*** Records supplied
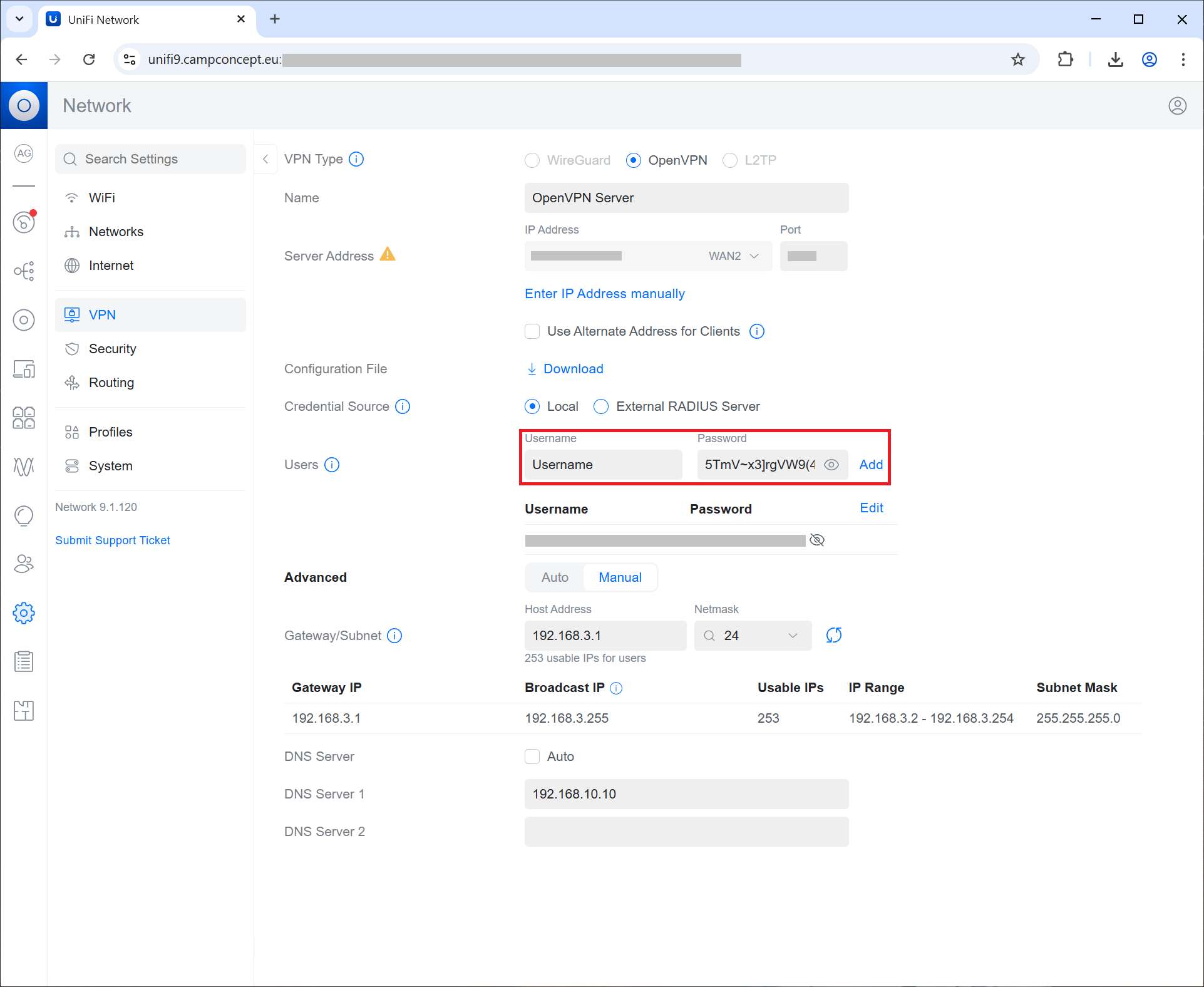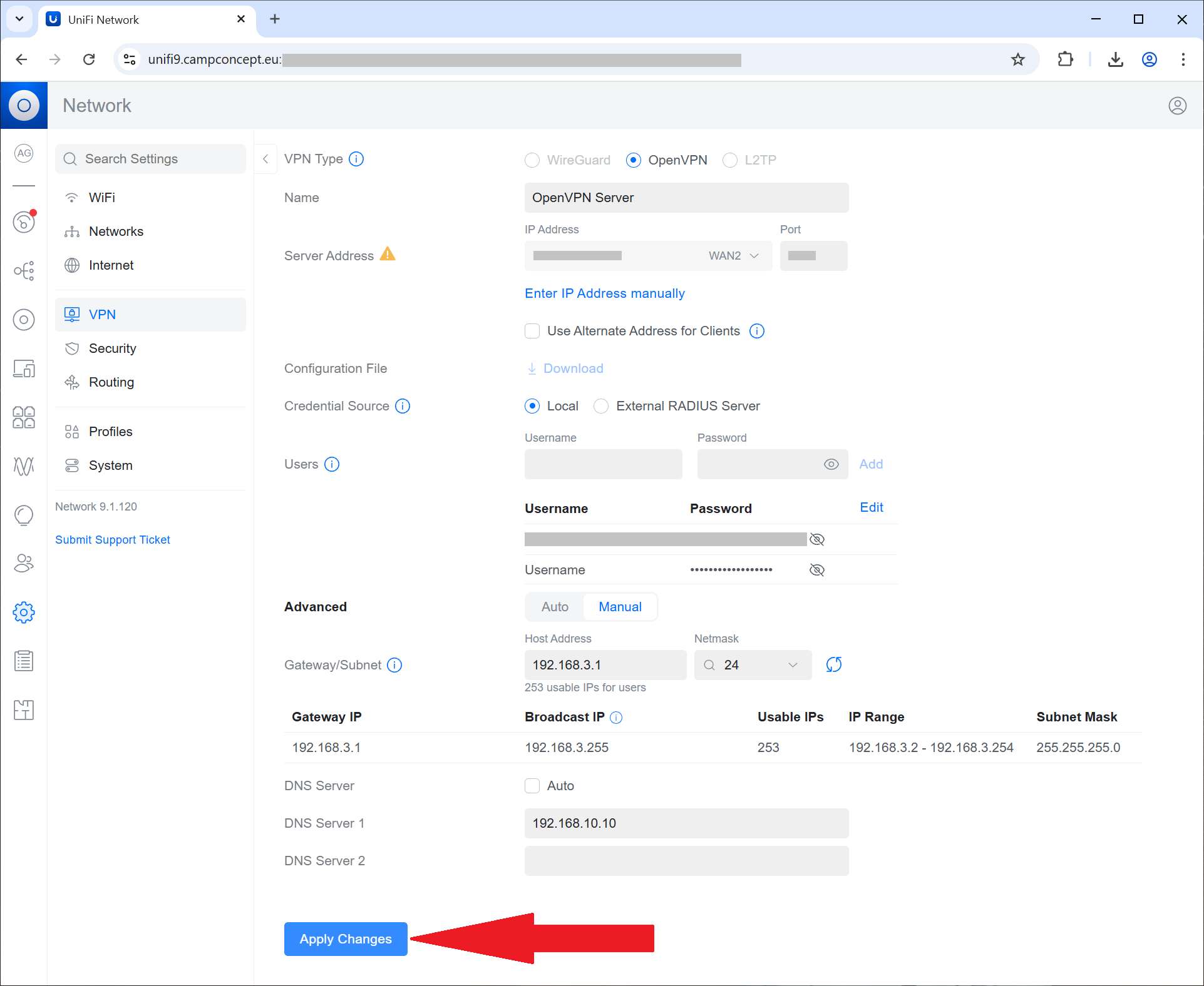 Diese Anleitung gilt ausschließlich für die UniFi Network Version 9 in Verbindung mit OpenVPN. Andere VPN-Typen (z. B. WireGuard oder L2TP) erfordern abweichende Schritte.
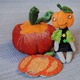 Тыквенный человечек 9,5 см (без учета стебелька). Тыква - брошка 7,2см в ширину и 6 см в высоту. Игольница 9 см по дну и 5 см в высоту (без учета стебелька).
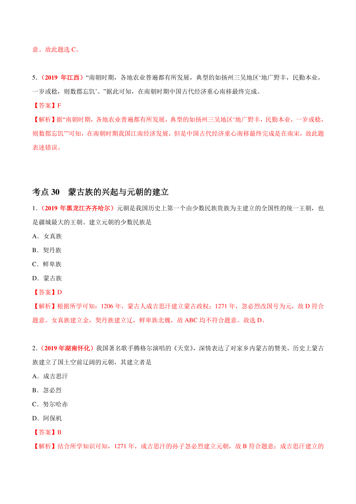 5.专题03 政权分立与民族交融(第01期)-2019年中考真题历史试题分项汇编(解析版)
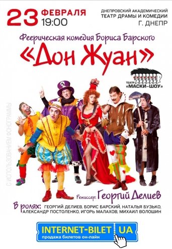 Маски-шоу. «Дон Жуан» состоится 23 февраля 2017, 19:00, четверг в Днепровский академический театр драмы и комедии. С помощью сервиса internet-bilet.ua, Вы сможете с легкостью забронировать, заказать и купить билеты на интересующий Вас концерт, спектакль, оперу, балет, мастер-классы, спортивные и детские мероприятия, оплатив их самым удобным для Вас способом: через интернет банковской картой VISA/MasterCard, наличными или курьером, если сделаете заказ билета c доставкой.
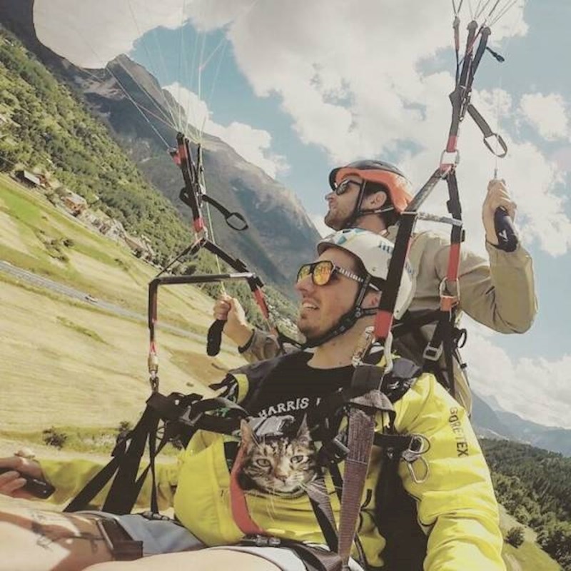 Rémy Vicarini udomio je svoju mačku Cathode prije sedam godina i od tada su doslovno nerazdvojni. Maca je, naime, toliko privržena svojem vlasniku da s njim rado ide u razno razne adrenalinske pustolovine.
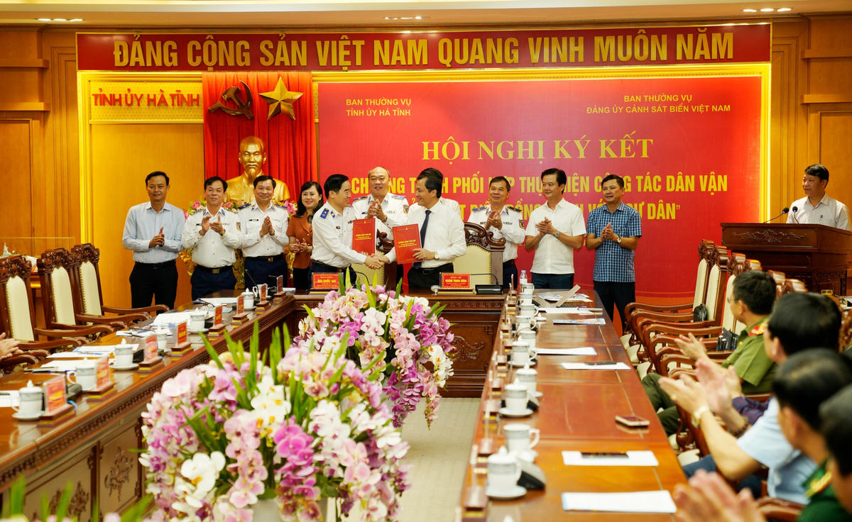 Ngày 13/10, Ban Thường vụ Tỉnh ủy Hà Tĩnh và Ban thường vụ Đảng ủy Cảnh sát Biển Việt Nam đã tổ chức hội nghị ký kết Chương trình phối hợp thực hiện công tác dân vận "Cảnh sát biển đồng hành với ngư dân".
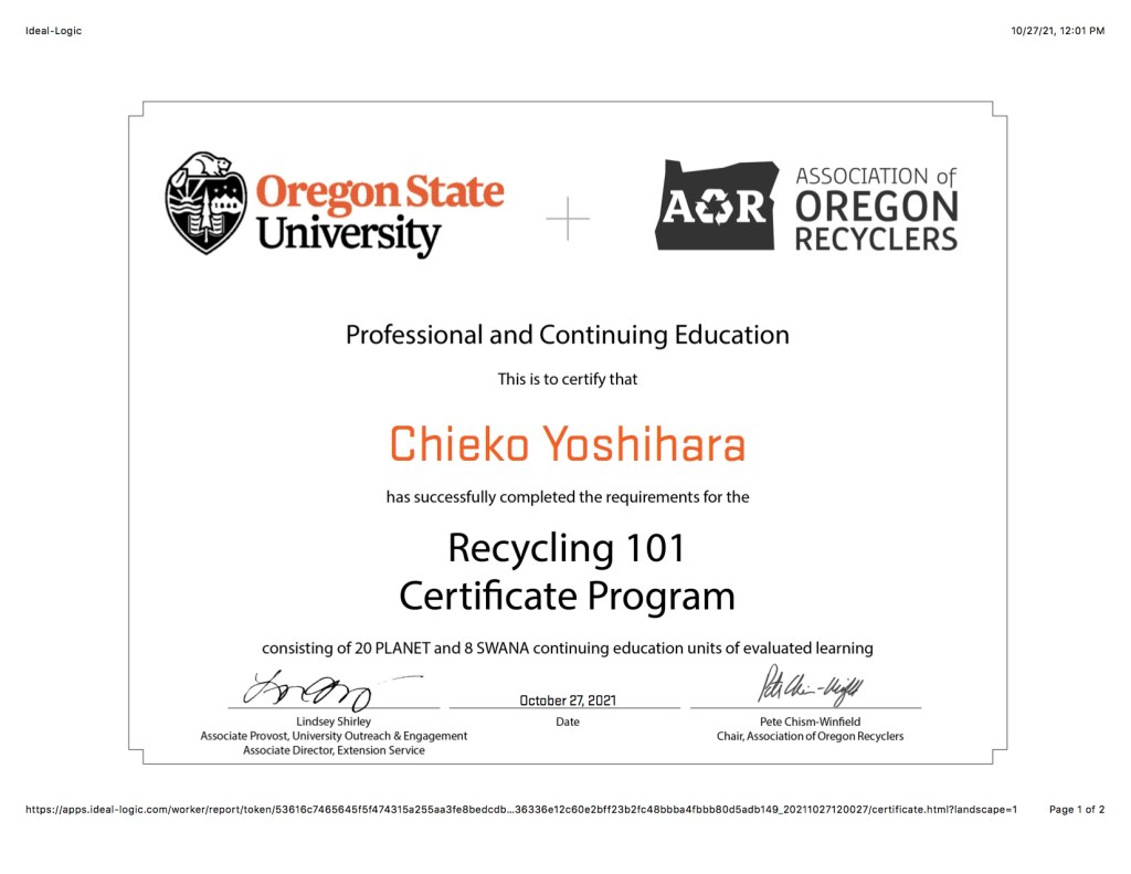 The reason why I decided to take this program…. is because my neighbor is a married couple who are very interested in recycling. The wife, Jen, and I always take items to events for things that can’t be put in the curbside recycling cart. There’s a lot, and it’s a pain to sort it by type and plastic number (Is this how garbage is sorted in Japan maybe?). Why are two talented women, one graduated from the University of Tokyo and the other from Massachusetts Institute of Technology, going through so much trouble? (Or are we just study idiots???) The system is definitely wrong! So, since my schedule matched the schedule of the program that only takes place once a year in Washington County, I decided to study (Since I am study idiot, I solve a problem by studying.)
******
▶ Directions for this task
Both boundary lines included, write out word for word only the lines above from the one containing "Тыквенный человечек 9,5" to the one containing "5.专题03 政权分立与民族", leaving out any pictures.

▶ Answer to this problem
 Тыквенный человечек 9,5 см (без учета стебелька). Тыква - брошка 7,2см в ширину и 6 см в высоту. Игольница 9 см по дну и 5 см в высоту (без учета стебелька).
 5.专题03 政权分立与民族交融(第01期)-2019年中考真题历史试题分项汇编(解析版)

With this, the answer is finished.